DIRECTIONS: Starting with the line with "燃烧试验设备:灼热丝试验机、" in the entries below and going on through the line with "進撃の巨人 英語吹替版 第49話", output every line exactly and nothing more. No pictures.

DATA SHOWN:
##########
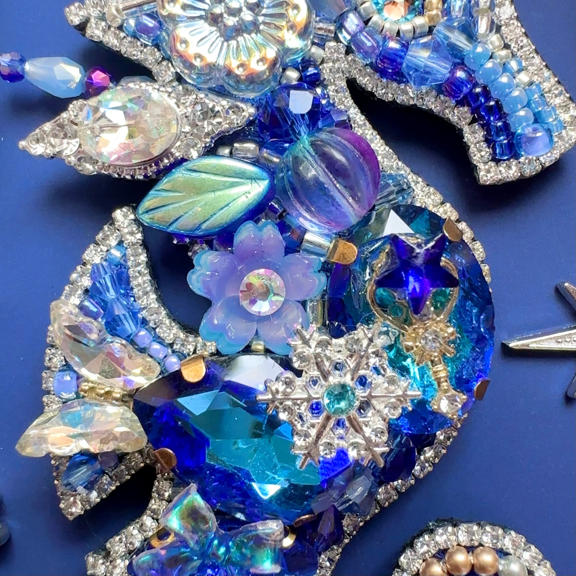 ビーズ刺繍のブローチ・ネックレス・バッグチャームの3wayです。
##########
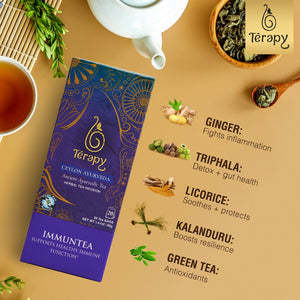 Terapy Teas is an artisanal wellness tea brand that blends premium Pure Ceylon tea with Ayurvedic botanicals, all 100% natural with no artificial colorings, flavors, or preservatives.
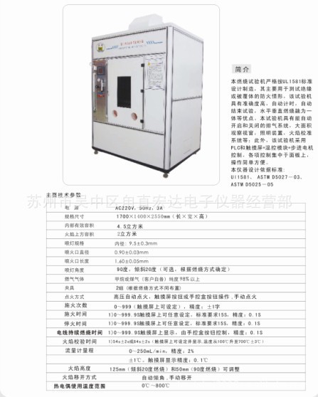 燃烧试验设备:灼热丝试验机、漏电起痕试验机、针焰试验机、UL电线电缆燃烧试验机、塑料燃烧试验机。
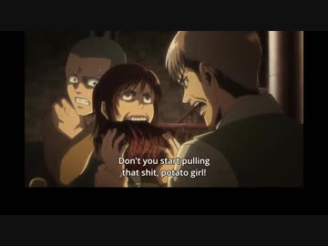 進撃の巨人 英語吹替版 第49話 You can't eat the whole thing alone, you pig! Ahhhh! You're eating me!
##########
REPLY:
 燃烧试验设备:灼热丝试验机、漏电起痕试验机、针焰试验机、UL电线电缆燃烧试验机、塑料燃烧试验机。
 進撃の巨人 英語吹替版 第49話 You can't eat the whole thing alone, you pig! Ahhhh! You're eating me!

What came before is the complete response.